As a gung ho general, Rod Steiger looks like he has wandered out of the war room in Dr. Strangelove, while Paul Winfield plays his calmer colleague as a spot on Colin Powell impersonation. Glenn Close is a snooty First Lady with busy young Nathalie Portman as the Chelsea Clinton surrogate.

The generally intolerable Martin Short is very funny as the president's lecherous press secretary, who lures a conquest into "what we call the Kennedy room" at the White House in another fabulous creation, Lisa Marie plays that conquest, a Martian heavily disguised under a towering beehive hairstyle. And entering to the opening bars of It's Not Unusual, a deadpan Tom Jones plays himself.

Another singer of popular music, the late Slim Whitman, surely would be spinning in his grave at 78 r.p.m. if he knew the function his yodelling vocals serves in this cheerful entertainment, which is indelibly stamped with Tim Burton's trademark warped humour. This is his most all out comedy since Beetlejuice, though not nearly as creepy.

"Bound" (18) Savoy, Virgin, Omniplex, UCIs, Dublin.

Screenwriting brothers Larry and Andy Wachowski - who scripted the laughable Stallone/Banderas yarn, Assassins - show they are capable of far more substantial material with the clever, dark humoured thriller, Bound, which also marks a notable directing debut for them. Clearly influenced by those much better known film making brothers, Joel and Ethan Coen, the Wachowskis have fashioned a quite unpredictable modern day film noir in Bound.

After an off putting opening in which the dialogue feels too self consciously hard boiled, their movie commands the attention as it unravels a murky tale of crime and duplicity. The protagonists are vibrantly etched by Joe Pantoliano as Caesar, a criminal involved in money laundering Jennifer Tilly as Violet, his underestimated lover, and Gina Gershon as Corky, their new neighbour, a tattooed lesbian excon who comes between them.

There are a number of well judged and serpentine narrative twists that engage the attention all the way. The tense drama unfolds against a highly confident visual style and it is peppered with some wild and very funny dialogue.

At the core of this tale of shifting loyalties and double crossing is the lesbian relationship that blossoms between the two leather clad women, Corky and Violet, who are played with panache by Jennifer Tilly in an unexpectedly sharp performance which defiantly upturns her usual typecasting, and Gina Gershon, who initially resembles Sandra Bernhard, but, refreshingly, without Bernhard's irritating, sneering mannerisms. The very promising Gershon is that rare species, an actress who was in Paul Verhoeven's lambasted Showgirls and survived.

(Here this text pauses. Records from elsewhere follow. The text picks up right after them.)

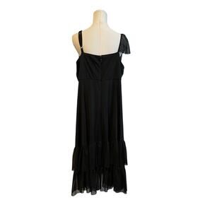 Gorgeous asymmetrical ruffel details , this dress will have you feeling elegant and edgy
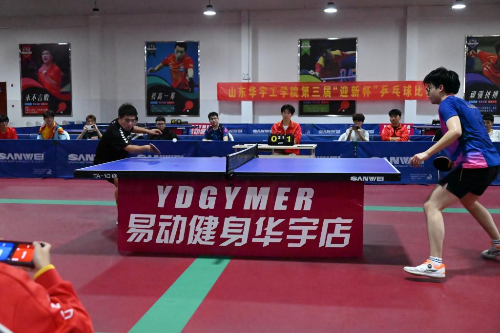 为丰富校园文化生活,由beat365官网体育教学部主办、华宇乒乓球协会承办的山东华宇工学院第三届“迎新杯”乒乓球比赛,于2025年9月27日上午9:00在大学生活动中心二馆顺利举办。比赛设有男子单打、女子单打两个项目。共计约150名学生参加比赛。
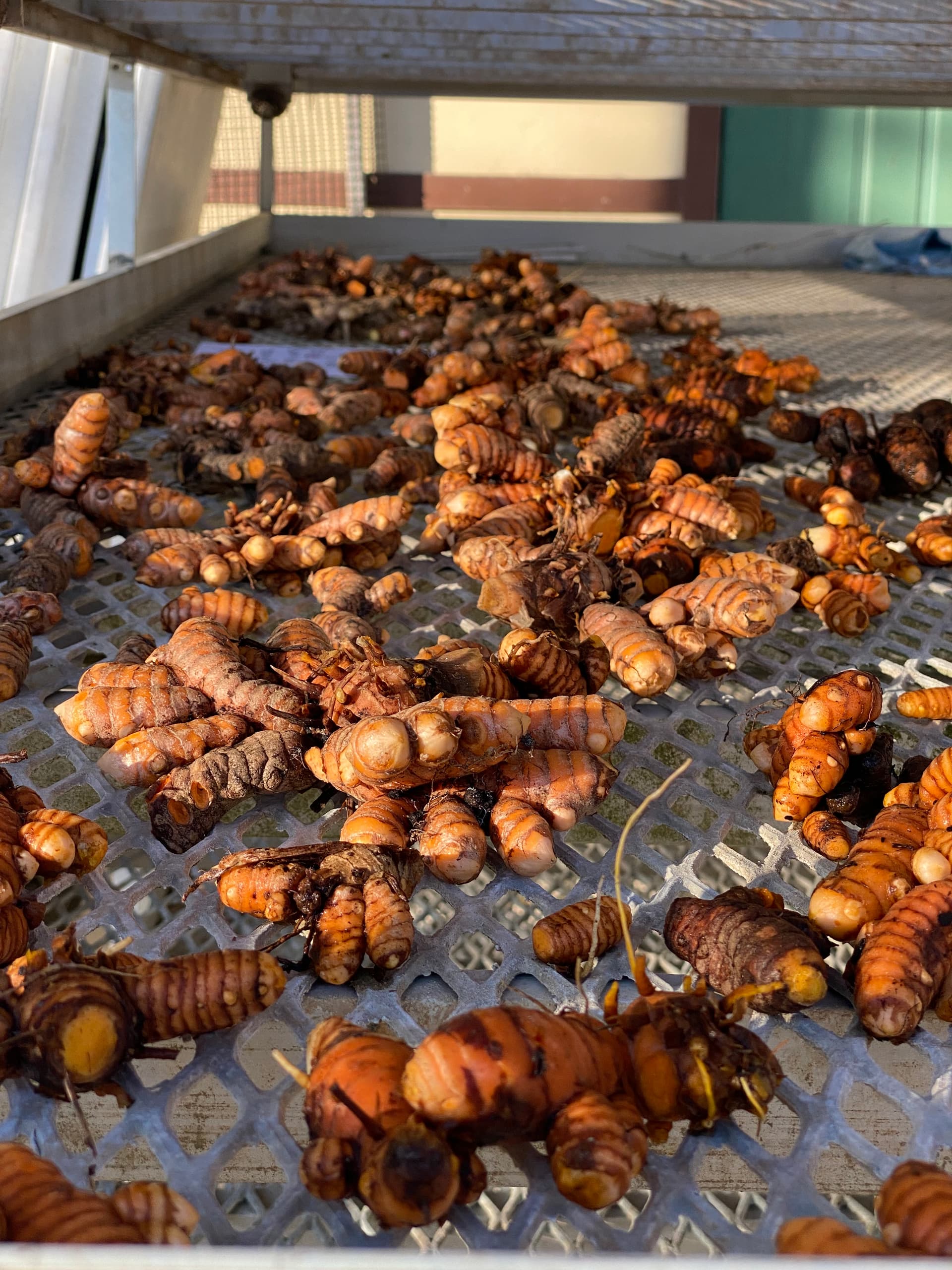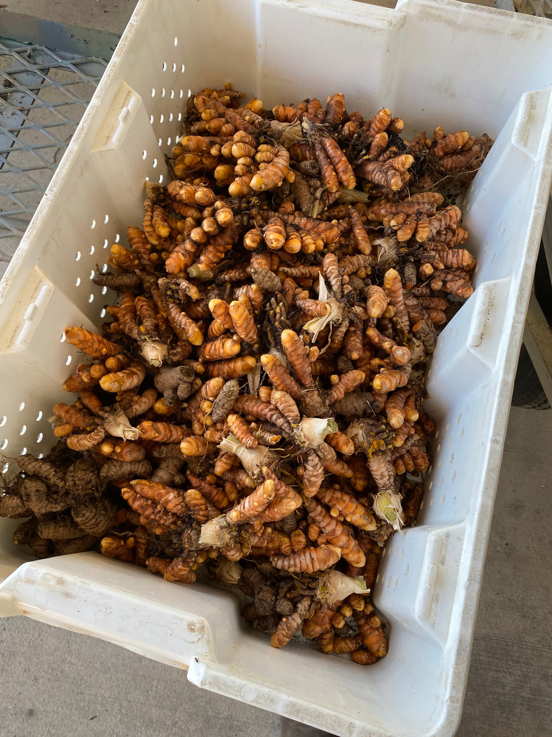 We left the Turmeric out to dry for a couple of days so that they go dormant before harvesting. It is helpful to let the plants dry out before harvesting the Rhizome.
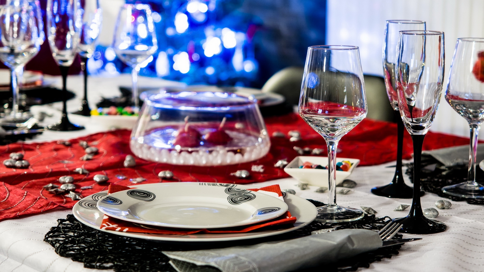 Description: A table set with glasses and plates for a holiday dinner or party with a red and black table cloth.
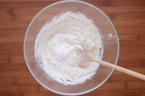 Добавьте соду, погашенную уксусом и немного муки, перемешайте. Добавьте щепотку соли.
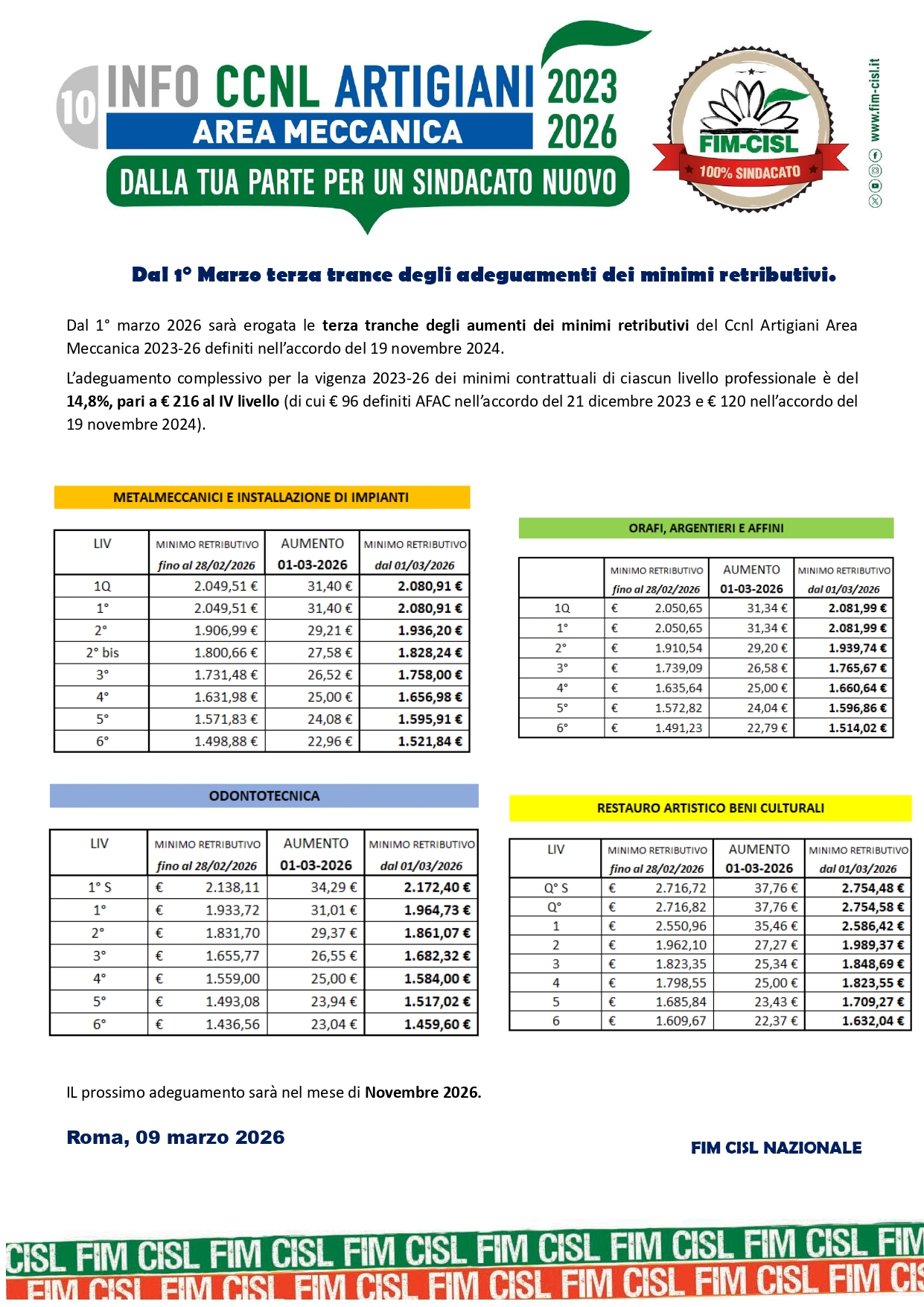 CCNL Artigianato Area Meccanica: dal 1° marzo 2026 terza tranche degli aumenti salariali
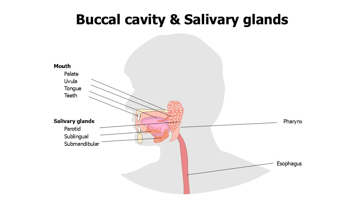 Buccal Cavity & Salivary Glands Slide. An detailed oral anatomy diagram showing the mouth and major salivary glands.
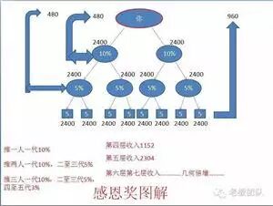 四、感恩奖:当你介绍1个人、你就拿介绍这个人第一代的10%,介绍2个、拿第一代收入的10%,第二至三代收入的5%,当你介绍3个人时,拿第一代收入的10%、第二至三代的5%、四至五代的3%、那么5代有多少人呢?你直接介绍三个是你的第一代,这三个人每个介绍三个即:9个人,就是你的第二代,他们每个再介绍三个都可以拿到五代的时候是多少人?27个,第四代就是81个,三三复制,到第五代是多少呢?243人,总共加在一起就是363人,363人按照二八定律,就70人每人每天给你10块是多少?700块,那要是给你100呢?就是7000块,万一给你1000呢?咱这是推荐三个就300多人,那么咱用三年的时间推荐10个人应该是没问题的,甚至更多,三年的时间推荐10人,那么第二代多少?100,第三代1000,第四代10000,第五代100000,所以说咱的感恩奖是不封顶的
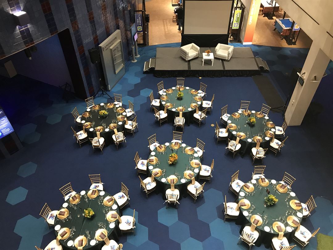 Events are held in The Interactive lobby, exhibit galleries, IMAX Dome Theater and rooftop terrace, which features stunning views of downtown landmarks. You can reserve a combination of spaces or all of The Interactive. The Interactive is a fantastic place for a large party: Three-levels can accommodate up to 2,500 guests on a large, adaptable floor plan, which includes a 45-foot cylindrical tower that anchors an art installation celebrating Silicon Valley.
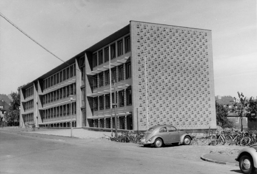 Der fertiggestellte erste Bauabschnitt der neuen Wilhelmschule, aufgenommen am 15.6.1959
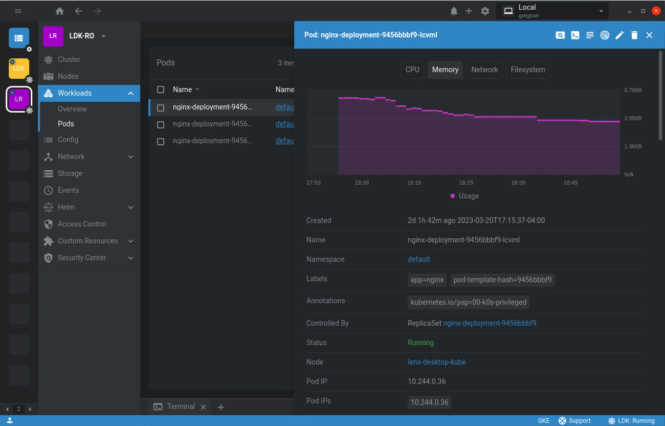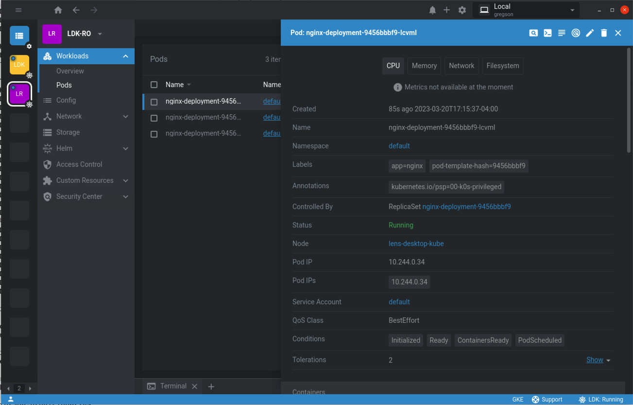 Once it is created in Lens, return to the LDK-RO cluster (which is the developer-reader context). Disconnect and reconnect to ensure that the roles and bindings are picked up, and observe the details page for a pod now includes metrics:
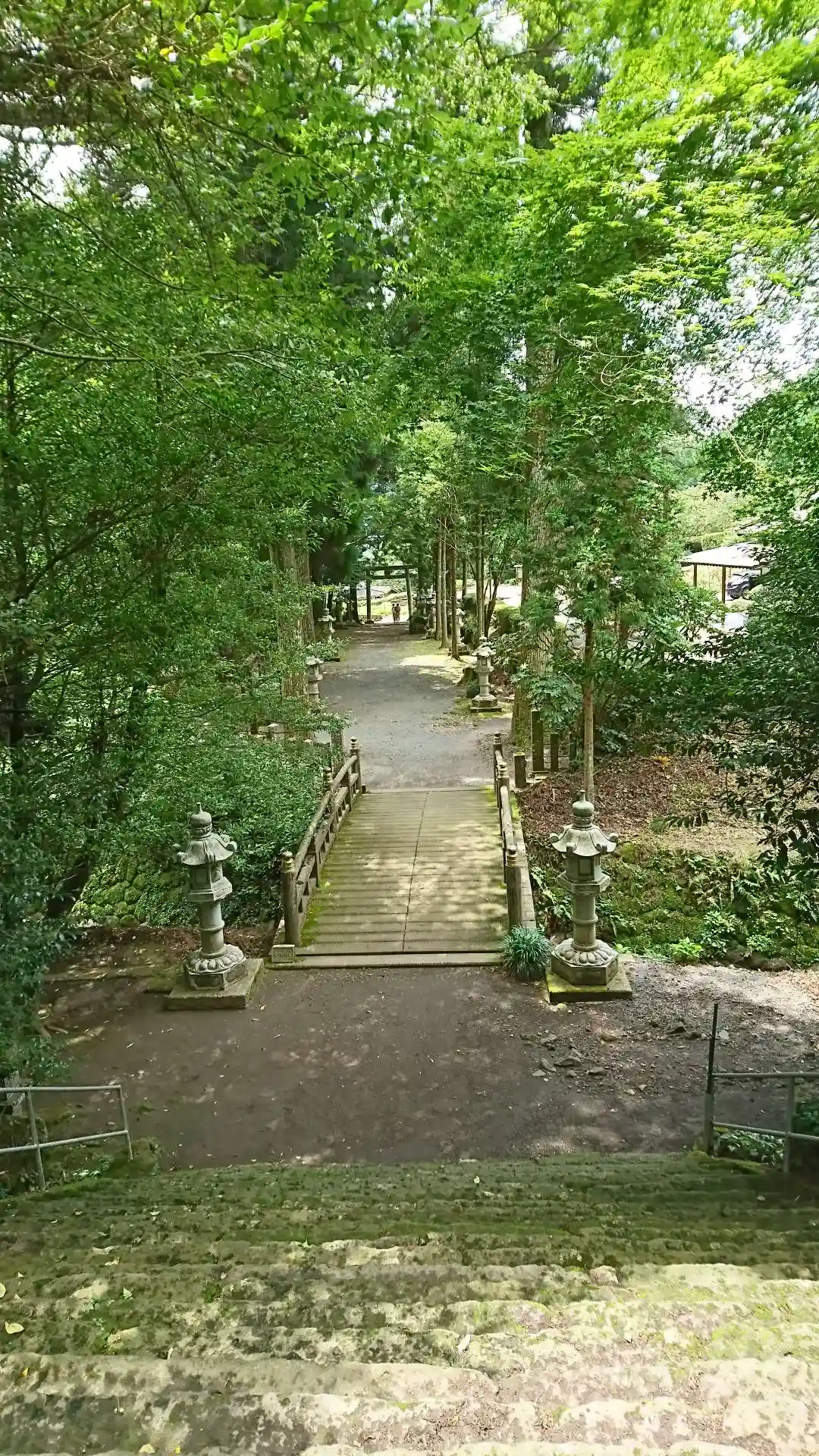 石段からみた神橋と参道
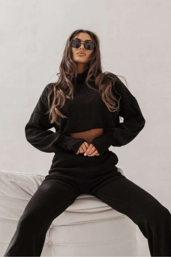 Komplet PRIAH w kolorze czarnym to idealna propozycja dla kobiet ceniących sobie wygodę i elegancję w codziennym ubiorze. Zestaw składa się z bluzy oraz spodni, które doskonale komponują się ze sobą, tworząc harmonijną całość. Dzięki zastosowaniu wysokiej jakości materiałów, komplet zapewnia nie tylko atrakcyjny wygląd, ale także komfort podczas noszenia. Bluza wykonana z 70% wiskozy i 30% poliestru charakteryzuje się miękką teksturą, co wpływa na jej przyjemność noszenia. Długie rękawy sprawią, że bluza idealnie układa się na sylwetce, podkreślając jej atuty. Spodnie w komplecie posiadają elastyczny pas, co zapewnia dodatkowy komfort oraz swobodę ruchów. Komplet PRIAH jest doskonałym wyborem na różnorodne okazje, od codziennych stylizacji po bardziej formalne wyjścia. Możesz nosić go do pracy, na spotkania ze znajomymi czy romantyczne kolacje. Uniwersalny czarny kolor sprawia, że zestaw świetnie komponuje się z różnorodnymi dodatkami oraz obuwiem. Zainwestuj w odzież, która łączy w sobie nowoczesny design z funkcjonalnością. Komplet PRIAH to must-have w szafie każdej modnej kobiety, który podkreśli Twoją indywidualność i styl. Wybierz jakość, komfort i elegancję w jednym!
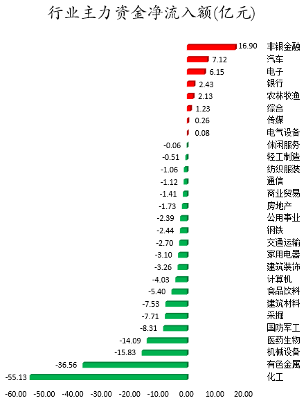 从行业板块来看,申万所属的28个一级行业,今日有8个行业板块主力资金呈现净流入,其中,非银金融行业板块主力资金净流入最多,净流入金额为16.9亿元;行业板块主力资金净流入居前的还有汽车、电子、银行,净流入金额分别为7.12亿元、6.15亿元、2.43亿元。20个行业板块主力资金呈现净流出,其中,化工行业板块主力资金净流出最多,净流出金额为55.13亿元;行业板块主力资金净流出靠前的还有有色金属、机械设备、医药生物、国防军工、采掘,净流出金额分别为36.56亿元、15.83亿元、14.09亿元、8.31亿元、7.71亿元。
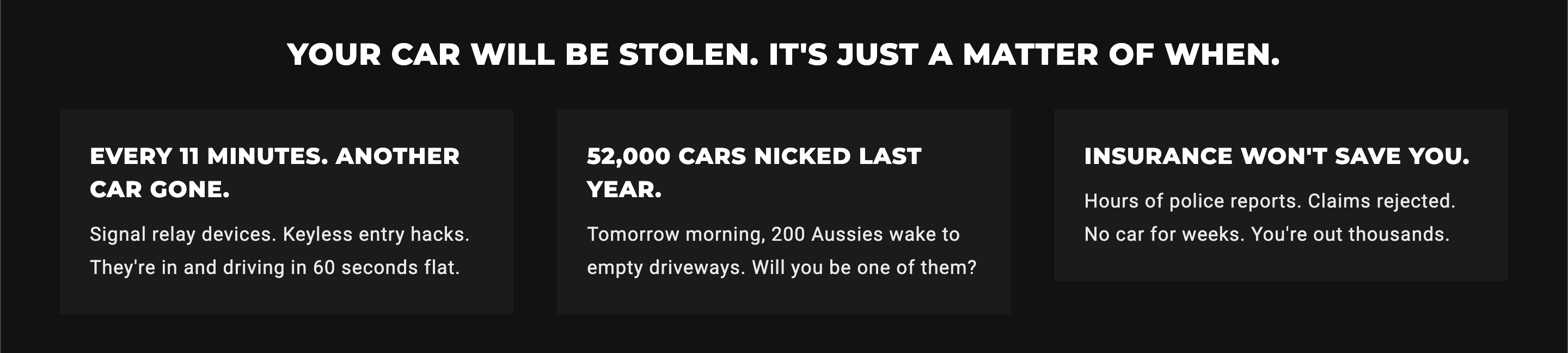 Steering wheel to seatbelt buckle in under 15 seconds. Thieves see it, they leave. Thieves miss it, they're stuck. No steering, no driving, no theft. While your neighbour’s filing insurance claims, you’re sleeping soundly.
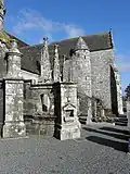 À côté de l'église, dans le cimetière, est érigé un calvaire du XVe siècle. La base est surmontée de trois croix portant Jésus et les deux larrons. Sur les culs de lampe en forme de branches, deux statues de saintes femmes. Au-dessous d'elles, sur le fût, un ange porte les instruments de la Passion. Au pied de la croix, quatre personnages devant une descente de croix. À l'arrière, scène de la flagellation[1].
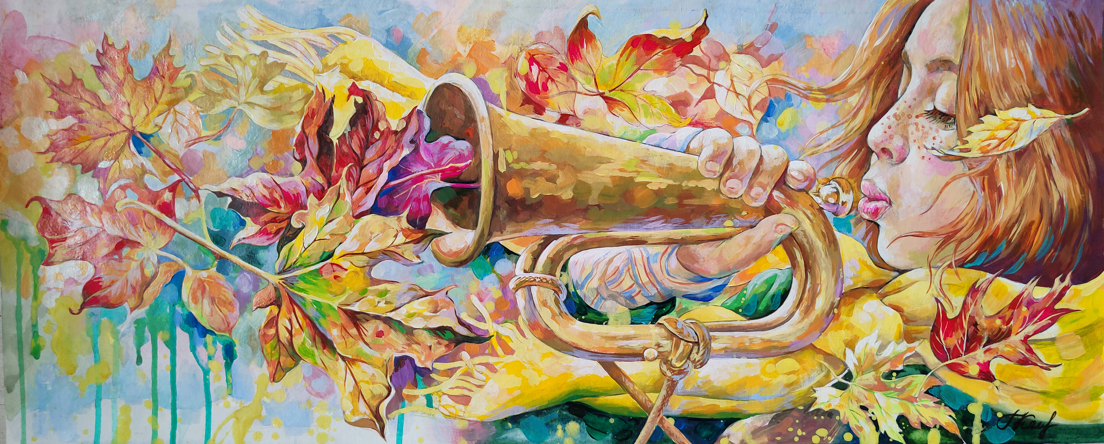 The painting depicts a girl playing a megaphone, from which instead of sounds the energy of autumn leaves oozes. The painting is full of bright warm colors that are associated with autumn: gold, orange, red and green. The girl looks dreamy and immersed in the process, and her red hair emphasizes the harmony with the autumn landscape. The leaves flowing from the megaphone seem to visualize sounds and emotions, conveying a sense of a living connection between a person and nature.
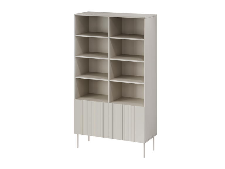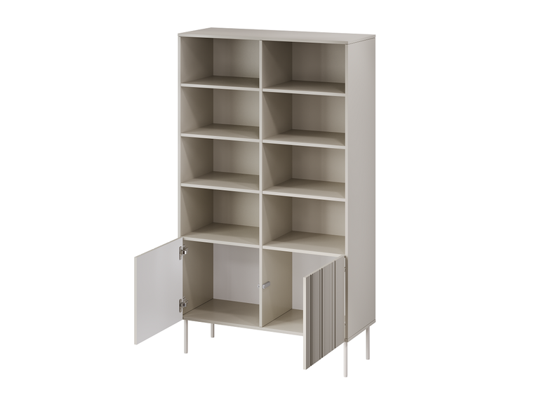 Nuotraukoje pavaizduota lentynų sistema yra modernus, smėlio spalvos baldas, pasižymintis paprastu ir elegantišku dizainu. Joje yra devynios atviros lentynos, puikiai tinkančios knygoms, dekoracijoms ar organizatoriams eksponuoti. Apatinėje dalyje yra užrakinama spintelė su dviem durelėmis, kurioje galite laikyti daiktus, kurių nenorite paslėpti. Plonos kojelės suteikia visai konstrukcijai lengvumo pojūtį, o neutrali spalva leidžia lentynų sistemą lengvai pritaikyti įvairiuose interjeruose – nuo svetainės iki biuro ar paauglio kambario.
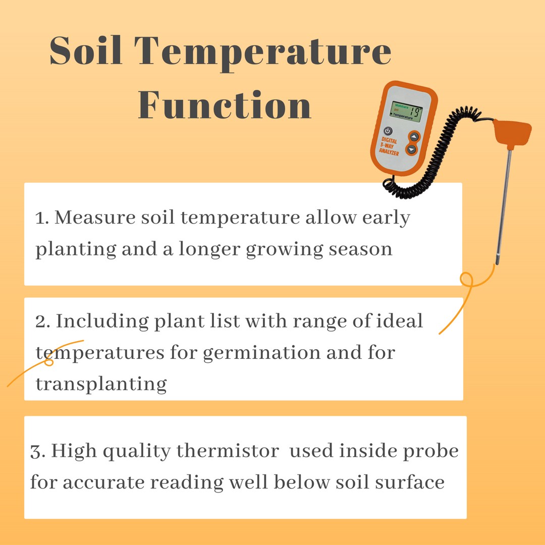 | describe: | Digital 3 in 1 Soil Moisture pH Meter Thermometer | ||||

"Welcome to the Dollhouse" (members and guests only) IFC, Dublin.

The winner of the major prize at last year's Sundance Film Festival, Todd Solondz's interesting but overrated Welcome to the Dollhouse is carried much of the way by the remarkable 11 year old actress at its centre, Heather Matarazzo. Wearing geeky glasses and even worse clothes, she plays the unhappy and unfortunate Dawn Weiner, the middle child in a middle class New Jersey family.

Dawn gets a hard time from her fellow students who call her "lesbo" and daub her locker with insulting graffiti, and she is virtually ignored by parents who dote on her over cute young sister. Dawn's computer obsessed older brother plays in a band, and she develops a crush on their blithely unaware lead singer. Meanwhile, one of the school thugs (Brendan Sexton Jr.) threatens to rape her, and her only friend is a boy in her neighbourhood who also is regularly reviled at school.

The physical resemblance between Heather Matarazzo and director Todd Solondz, which jumps out from publicity photographs of them, suggests that this cynical black comedy is an auto biographical exercise.

In its unsentimental picture of adolescent angst, the movie yields more than a few acute and cringe inducing observations on the cruelty of youngsters to each other, and on the solitary turmoil of Dawn, even though at times it seems unduly drawn to her foul mouthed detractors.

Solondz's screenplay loses its hold in the later stages, when it is just too over plotted for its own good. However, he has made a true discovery in the excellent young Matarazzo, and another in Brendan Sexton Jr, who touchingly reveals the soft centre masked by his character's brash bravado.